徒手建立基於Pytorch的Transformer模型

pytorch transformer

AlbertShiu 2023-10-18 10:37:48 ‧ 2585 瀏覽

分享至

安裝Pytorch

pip3 install torch torchvision torchaudio

或在Conda環境可以使用以下程式碼：

conda install pytorch torchvision torchaudio pytorch-cuda=11.7 -c pytorch -c nvidia

建立一個基於Pytorch的Transformer模型步驟

Step1_匯入相關套件與模組

import torch
import torch.nn as nn
import torch.optim as optim
import torch.utils.data as data
import math
import copy

Step2_定義各基礎模組：多重注意力、位置向前饋網路、位置編碼

Multi-head Attention(多重注意力)

class MultiHeadAttention(nn.Module):
    def __init__(self, d_model, num_heads):
		'''
		The initialization checks if d_model is divisible by num_heads, 
		and then defines the transformation weights for query, key, value, and output.
		'''
        
		super(MultiHeadAttention, self).__init__()
        # Ensure that the model dimension (d_model) is divisible by the number of heads
        assert d_model % num_heads == 0, "d_model must be divisible by num_heads"
        
        # Initialize dimensions
        self.d_model = d_model # Model's dimension
        self.num_heads = num_heads # Number of attention heads
        self.d_k = d_model // num_heads # Dimension of each head's key, query, and value
        
        # Linear layers for transforming inputs
        self.W_q = nn.Linear(d_model, d_model) # Query transformation
        self.W_k = nn.Linear(d_model, d_model) # Key transformation
        self.W_v = nn.Linear(d_model, d_model) # Value transformation
        self.W_o = nn.Linear(d_model, d_model) # Output transformation
        
    def scaled_dot_product_attention(self, Q, K, V, mask=None):
        # Calculate attention scores
		# Calculating Attention Scores.
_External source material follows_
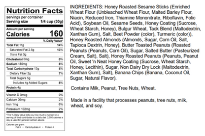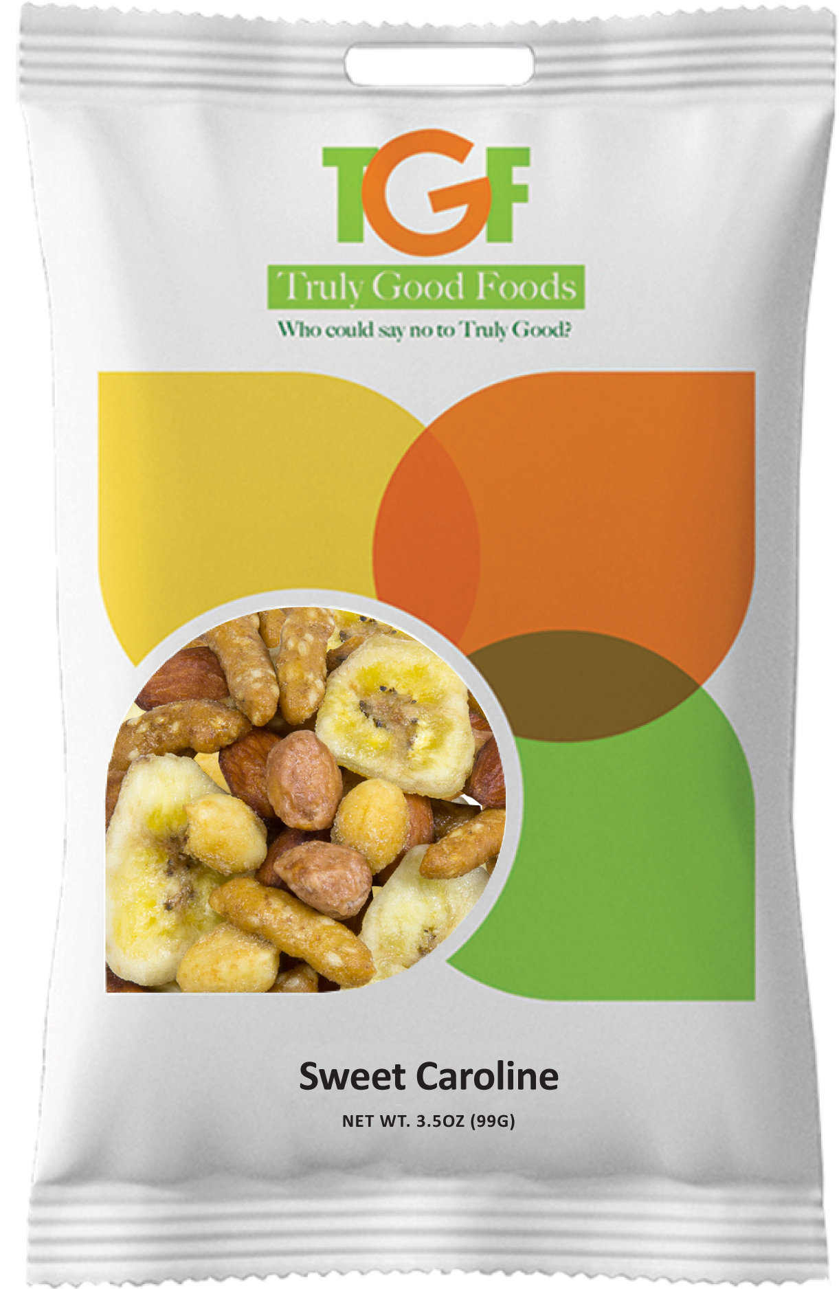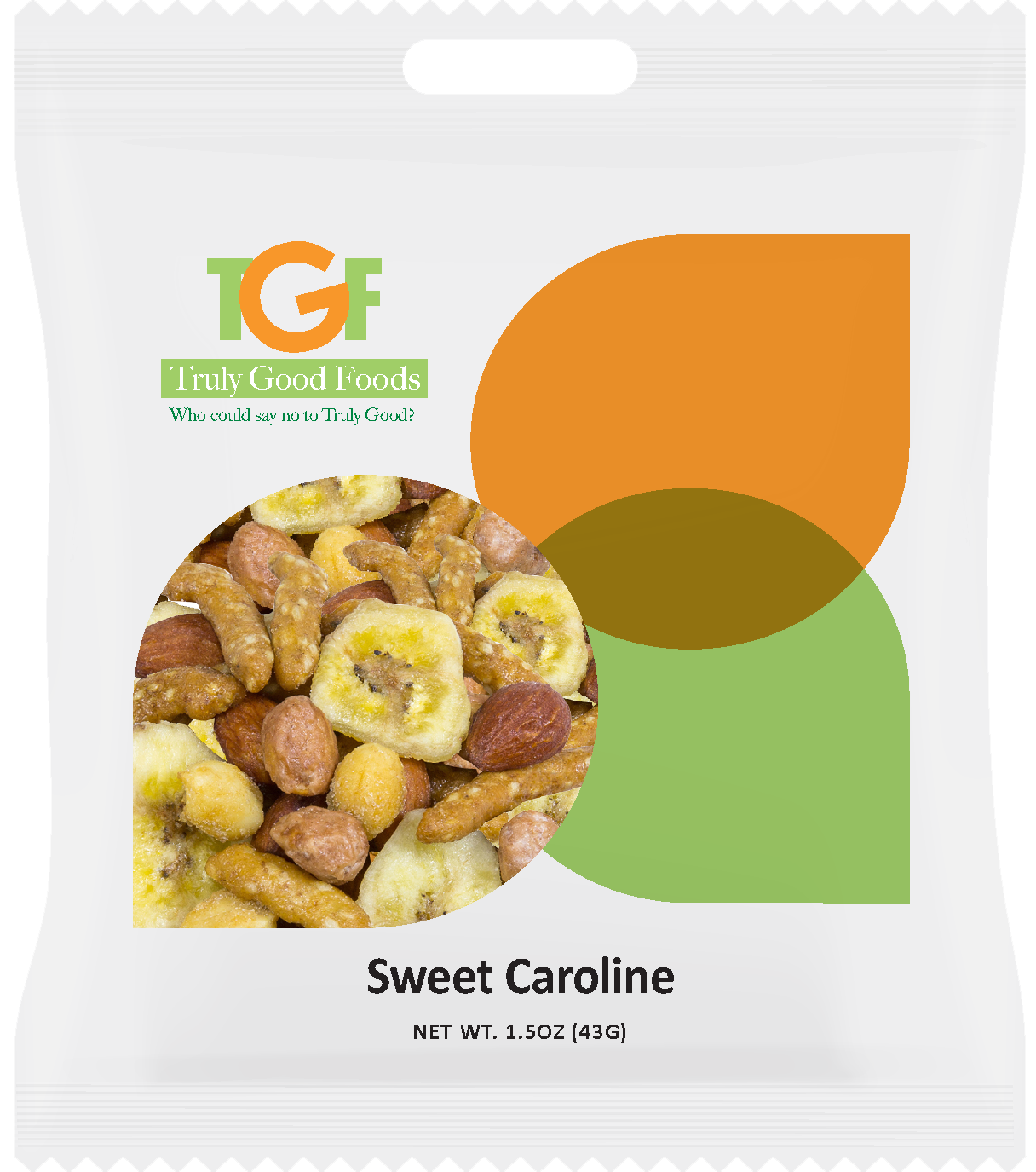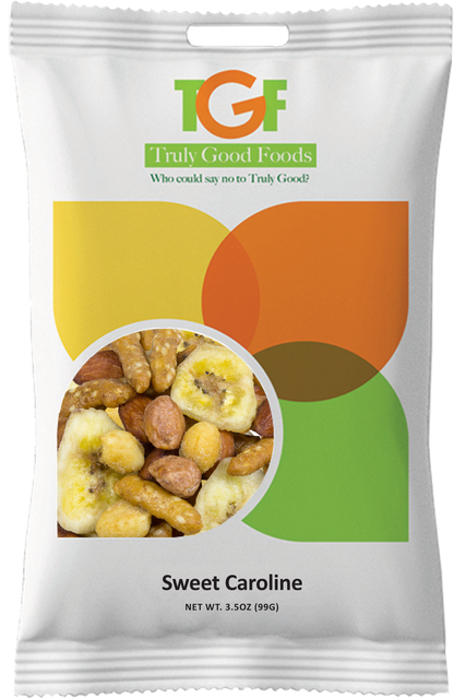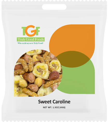 Just like the song (So Good, So Good), this is a wicked good snack mix. Sweet Caroline® is a crunchy mix that makes the perfect sweet treat. It has honey roasted sesame sticks, butter toasted peanuts, honey roasted almonds, honey roasted peanuts, and banana chips.
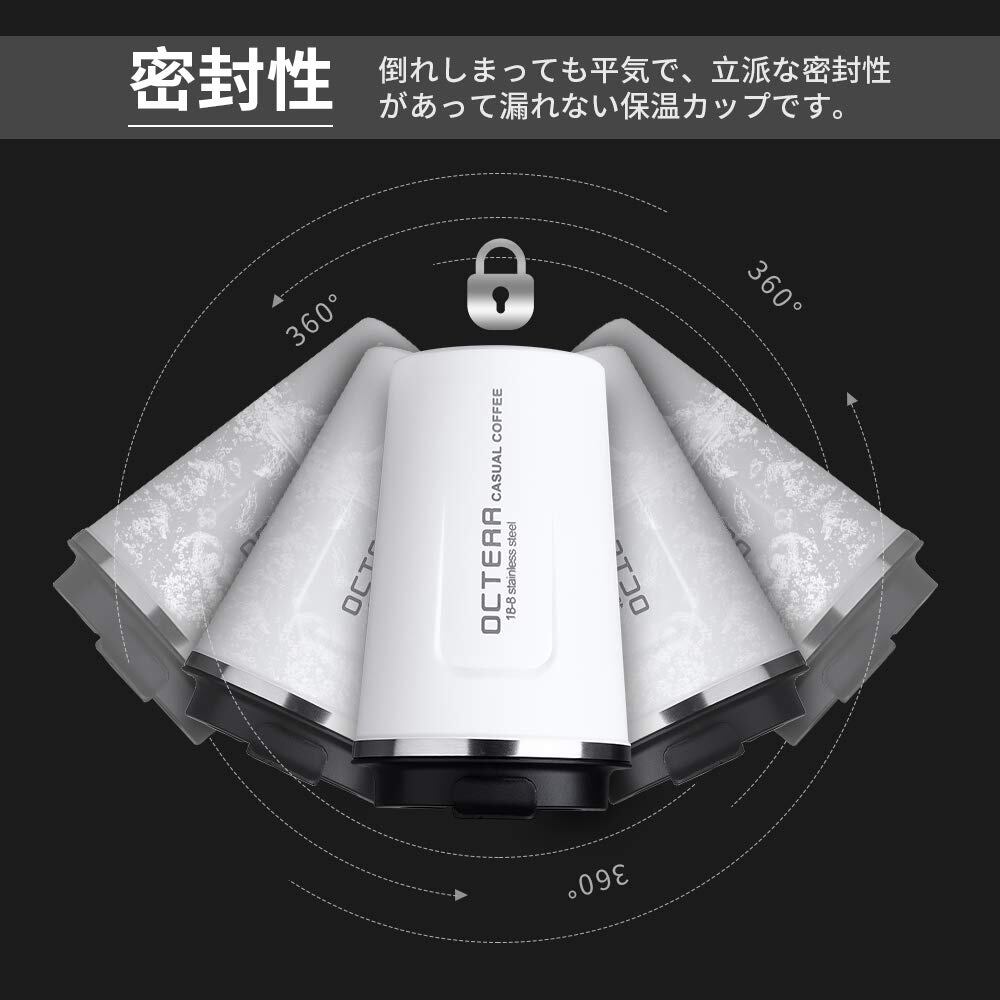OCTERR マグカップ 保温 コーヒーカップ コンビニカップ 携帯マグ 保冷 タンブラー 真空断熱 ステンレス製 蓋付き 持ち運び 直接ドリップ プレゼントに (ホワイト 380ml)

Here, the attention scores are calculated by taking
		# the dot product of queries (Q) and keys (K), and then scaling by the square root 
		# of the key dimension (d_k).
        attn_scores = torch.matmul(Q, K.transpose(-2, -1)) / math.sqrt(self.d_k)
        
        # Apply mask if provided (useful for preventing attention to certain parts like padding)
        # If a mask is provided, it is applied to the attention scores to mask out specific 
        # values.
		if mask is not None:
            attn_scores = attn_scores.masked_fill(mask == 0, -1e9)
        
        # Softmax is applied to obtain attention probabilities
        # Calculating Attention Weights: The attention scores are passed through a softmax 
        # function
		# to convert them into probabilities that sum to 1.
		attn_probs = torch.softmax(attn_scores, dim=-1)
        
        # Multiply by values to obtain the final output
        # Calculating Output: The final output of the attention is calculated by multiplying the
		# attention weights by the values (V).
		output = torch.matmul(attn_probs, V)
        return output
        
    def split_heads(self, x):
		'''
        Reshape the input to have num_heads for multi-head attention.This method reshapes the 
		input x into the shape (batch_size, num_heads, seq_length, d_k). It enables the model 
		to process multiple attention heads concurrently, allowing for parallel computation.
		'''
        batch_size, seq_length, d_model = x.size()
        return x.view(batch_size, seq_length, self.num_heads, self.d_k).transpose(1, 2)
        
    def combine_heads(self, x):
		'''
        Combine the multiple heads back to original shape. After applying attention to each 
		head separately, this method combines the results back into a single tensor of shape 
		(batch_size, seq_length, d_model). This prepares the result for further processing.
		'''
		batch_size, _, seq_length, d_k = x.size()
        return x.transpose(1, 2).contiguous().view(batch_size, seq_length, self.d_model)
        
    def forward(self, Q, K, V, mask=None):
		'''
		The forward method is where the actual computation happens
		'''
        # Apply linear transformations and split heads
        Q = self.split_heads(self.W_q(Q))
        K = self.split_heads(self.W_k(K))
        V = self.split_heads(self.W_v(V))
        
        # Perform scaled dot-product attention
        attn_output = self.scaled_dot_product_attention(Q, K, V, mask)
        
        # Combine heads and apply output transformation
        output = self.W_o(self.combine_heads(attn_output))
        return output

綜上所述，MultiHeadAttention 級別封裝了 Transformer 模型中常用的多重注意力機制。它負責將輸入分成多個注意力頭，對每個頭施加注意力然後組合結果，因此模型可以捕捉不同尺度的輸入資料中各種關係，提高模型的表達能力。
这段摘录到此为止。